Lo stesso metodo può essere utilizzato per sfruttare Camera app di Samsung, l'analisi ha mostrato.
"La possibilità per un programma per recuperare input dalla fotocamera, microfono, e la posizione GPS è considerato altamente invasiva da parte di Google se stessi. Di conseguenza, AOSP ha creato uno specifico insieme di autorizzazioni che un'applicazione deve richiedere da parte dell'utente,”L'analisi ha detto. Così, i ricercatori hanno progettato uno scenario di attacco che aggira la politica il permesso di abusare della fotocamera app di Google in un modo simile a quello che un utente malintenzionato dovrebbe fare.
CVE-2019-2234 e il caso di dubbia “Autorizzazioni di archiviazione”
L'analisi Checkmarx evidenzia anche la natura dubbia dei permessi di stoccaggio. E 'un fatto noto che Android app fotocamera solito memorizzare foto e video su scheda SD del dispositivo. Dal momento che foto e video sono classificati come le informazioni utente altamente sensibili, applicazioni hanno bisogno di autorizzazioni speciali per accedervi, conosciuto come "i permessi di stoccaggio".
Il problema è che queste autorizzazioni sono troppo ampi e potrebbe consentire l'accesso a tutta la scheda SD.
"Ci sono un gran numero di applicazioni, con legittimi casi d'uso, tale richiesta l'accesso a questo storage, eppure non hanno alcun interesse particolare in foto o video. Infatti, E 'uno dei più comuni richiesti permessi osservato,”I ricercatori hanno notato.

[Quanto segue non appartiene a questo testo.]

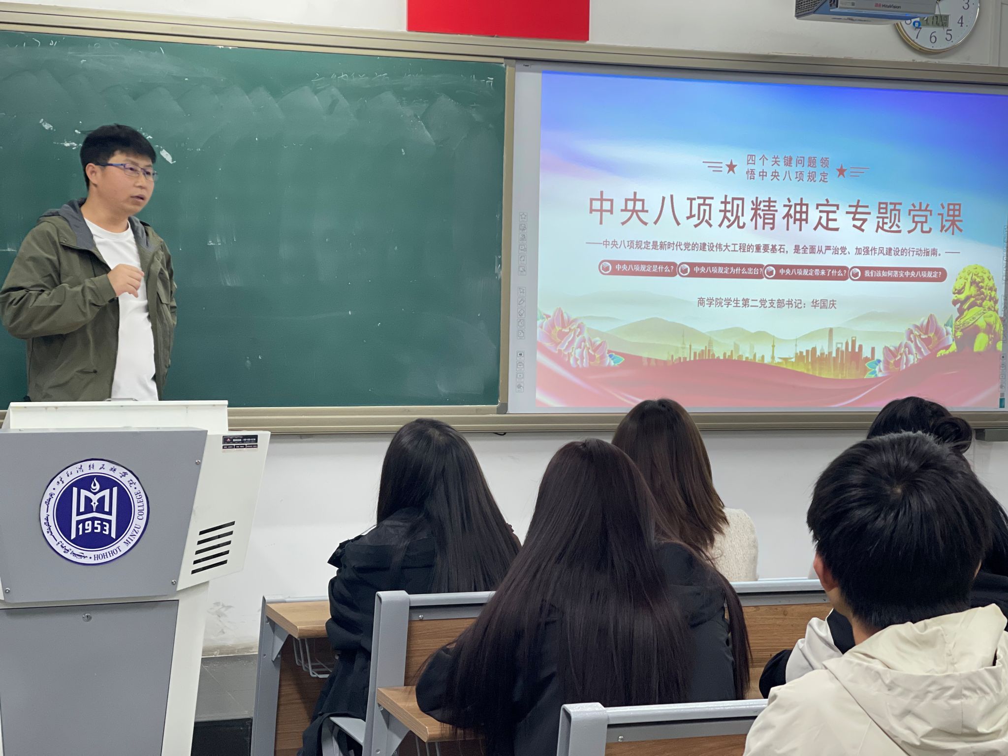 为深化学习领会中央八项规定精神,切实强化支部党员政治觉悟和纪律观念,4月18日,商学院学生第二党支部于尚智楼202教室联合举办专题党课活动。本次活动以"深化贯彻中央八项规定精神专题教育"为核心主题,全体支部党员共同参与,由第二党支部书记华国庆老师进行专题授课。
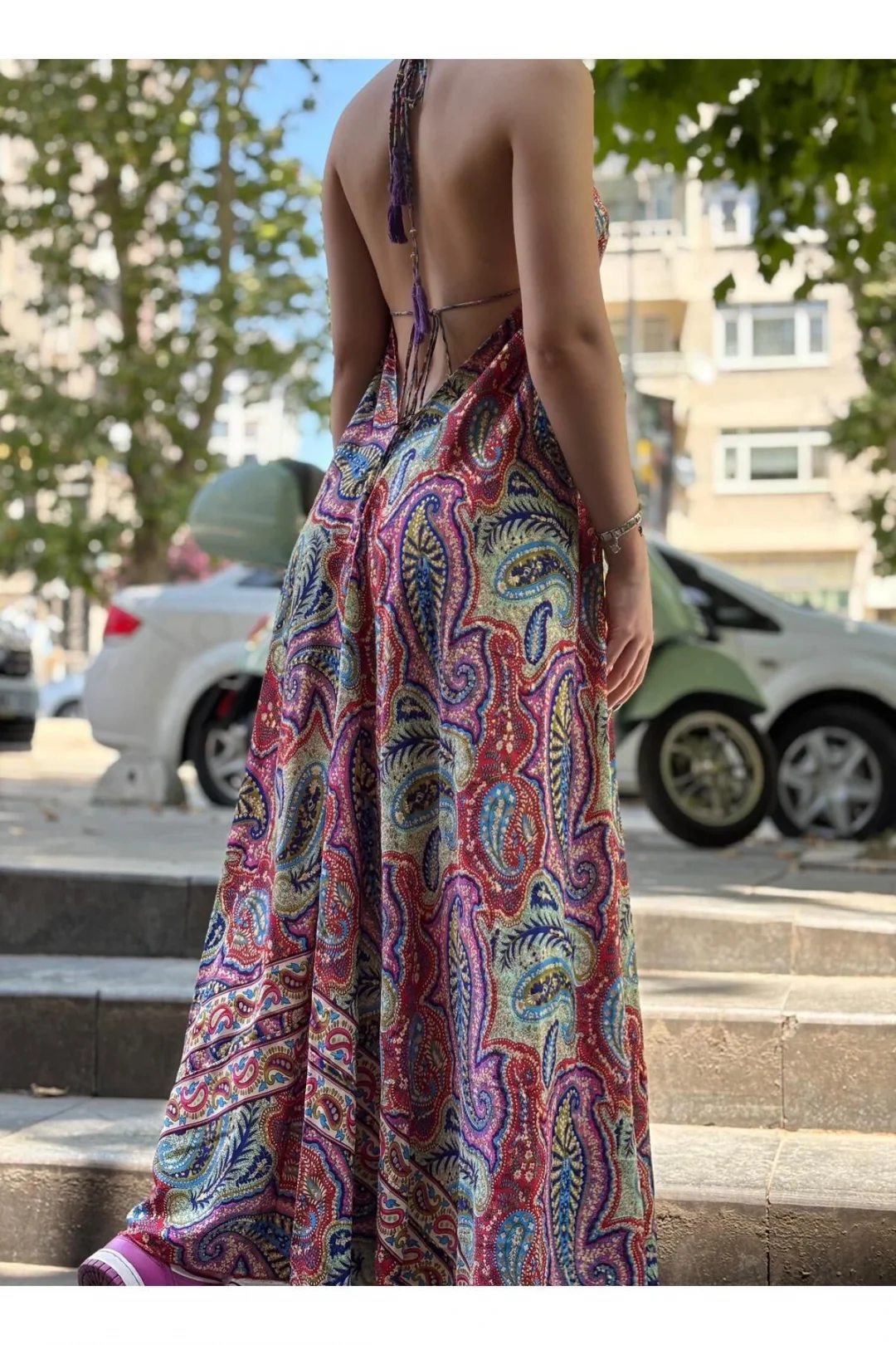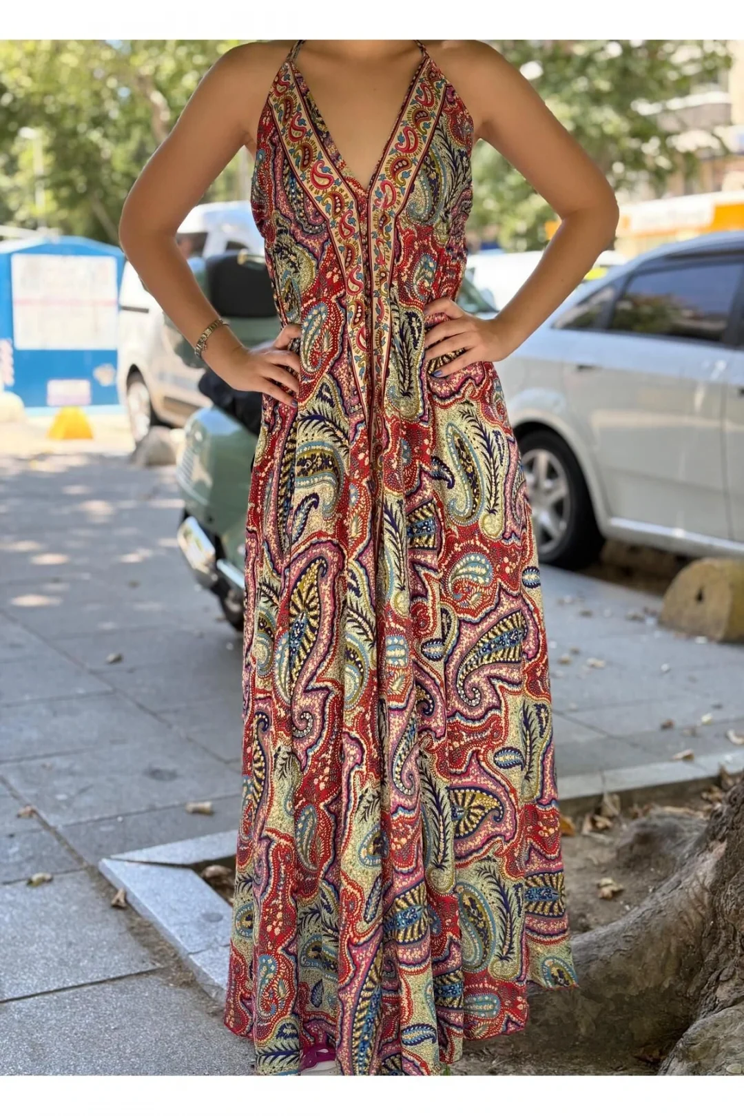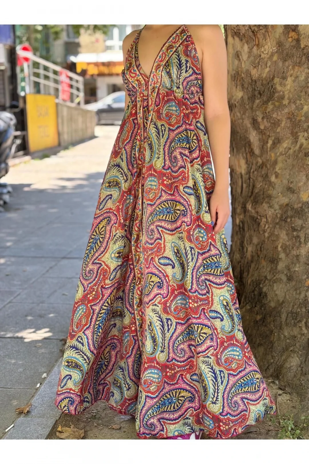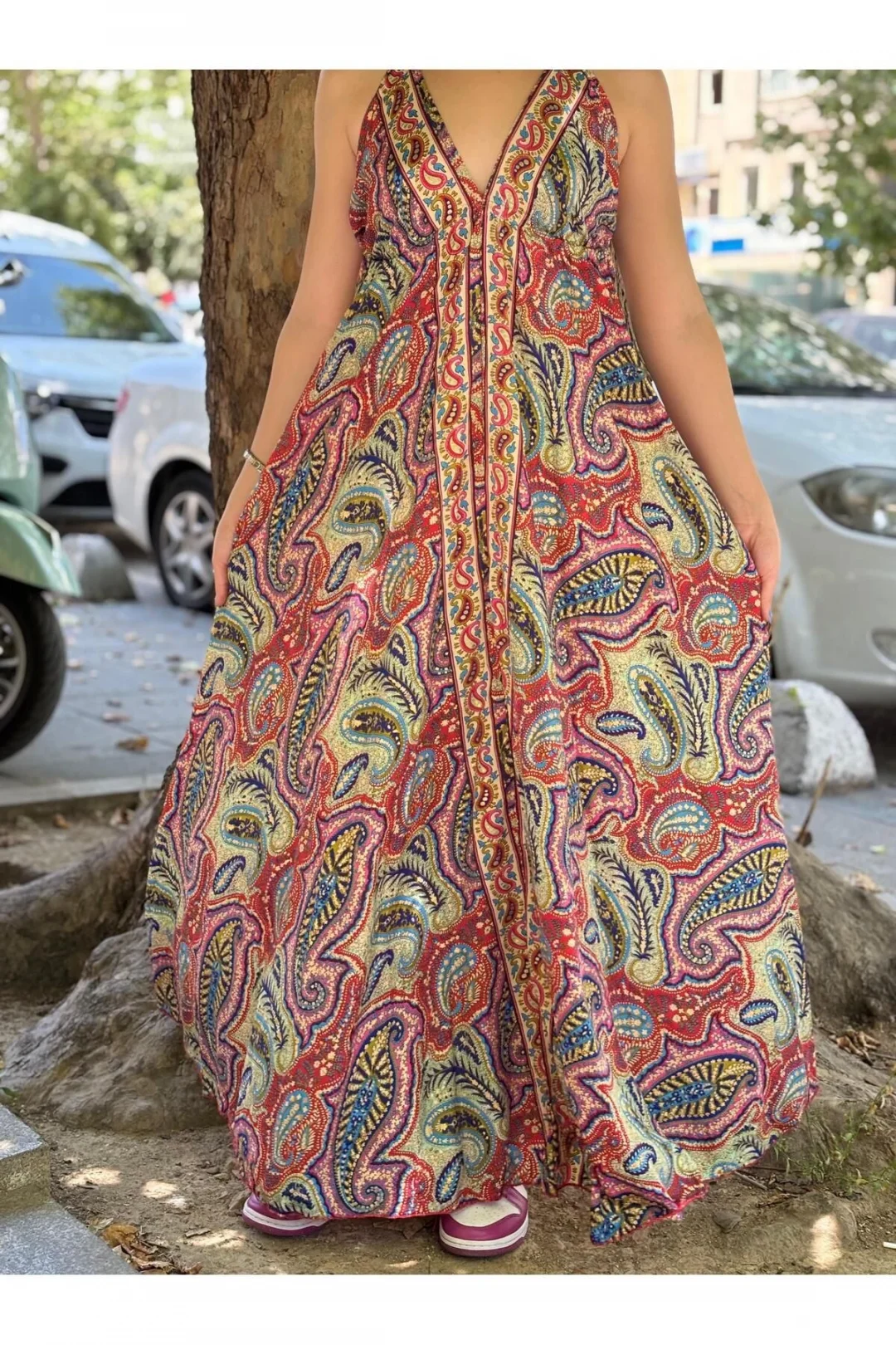 Yazın enerjisini ve bohem ruhunu yansıtan bu etnik desenli uzun elbiseyle tarzınıza eşsiz bir dokunuş katın! Canlı renkleri ve göz alıcı paisley desenleriyle dikkat çeken bu elbise, hem plajda hem de günlük kombinlerinizde rahatlığı ve şıklığı bir araya getiriyor.
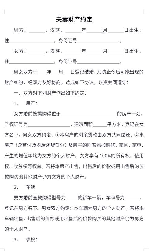 - 财产约定部分:协议中关于财产分割、归属的约定,只要是双方真实意愿的体现,且不损害他人(如债权人)的利益,通常是有效的,可以约定婚前的某套房归一方所有,也可以约定婚后的工资收入各自归各自所有。
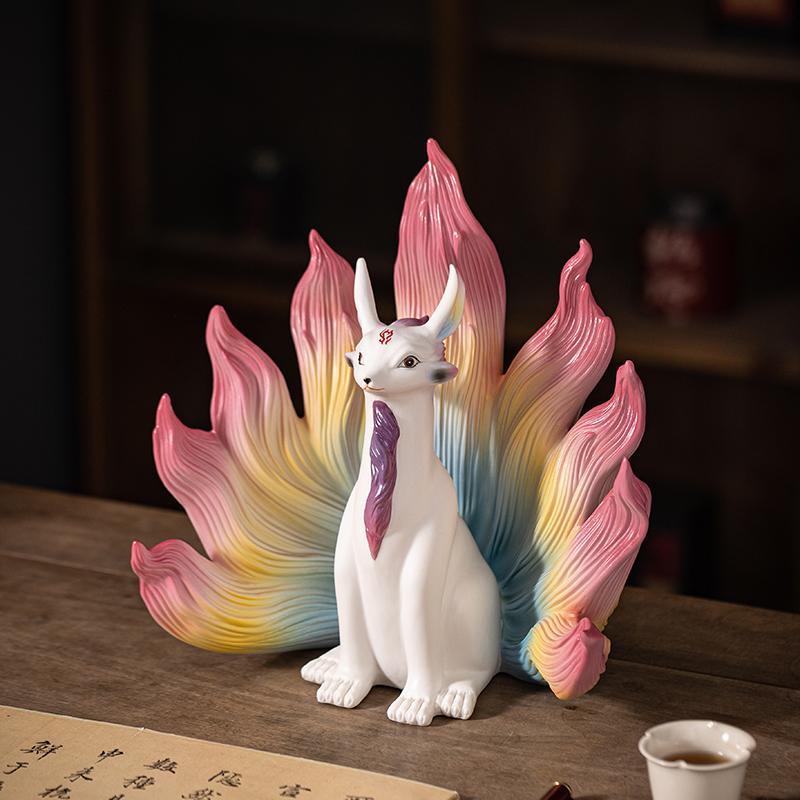 九尾狐摆件小狐狸九尾灵尾办公室客厅桌面陶瓷工艺品动物灵狐摆设

Che cosa significa questo? Un'applicazione maligno è in grado di scattare foto e video, e può abusare delle stesse autorizzazioni di stoccaggio. In aggiunta, se la posizione è abilitata nella fotocamera, l'applicazione malintenzionato può anche accedere alla posizione GPS del dispositivo dell'utente.
Per dimostrare questo punto i ricercatori hanno sviluppato “un'applicazione proof-of-concept che non necessita di alcun permesso speciale al di là del consenso l'archiviazione di base.” La prova-of-concept app deriso un'applicazione meteo e aveva un client e un server parte -parte, che rappresenta un server di comando e controllo in genere utilizzato dagli aggressori. All'avvio l'applicazione, viene avviata una connessione al server di comando e controllo, in cui l'applicazione è in attesa di istruzioni da parte del presunto aggressore. E 'fondamentale sottolineare che la chiusura l'applicazione non termina la connessione persistente.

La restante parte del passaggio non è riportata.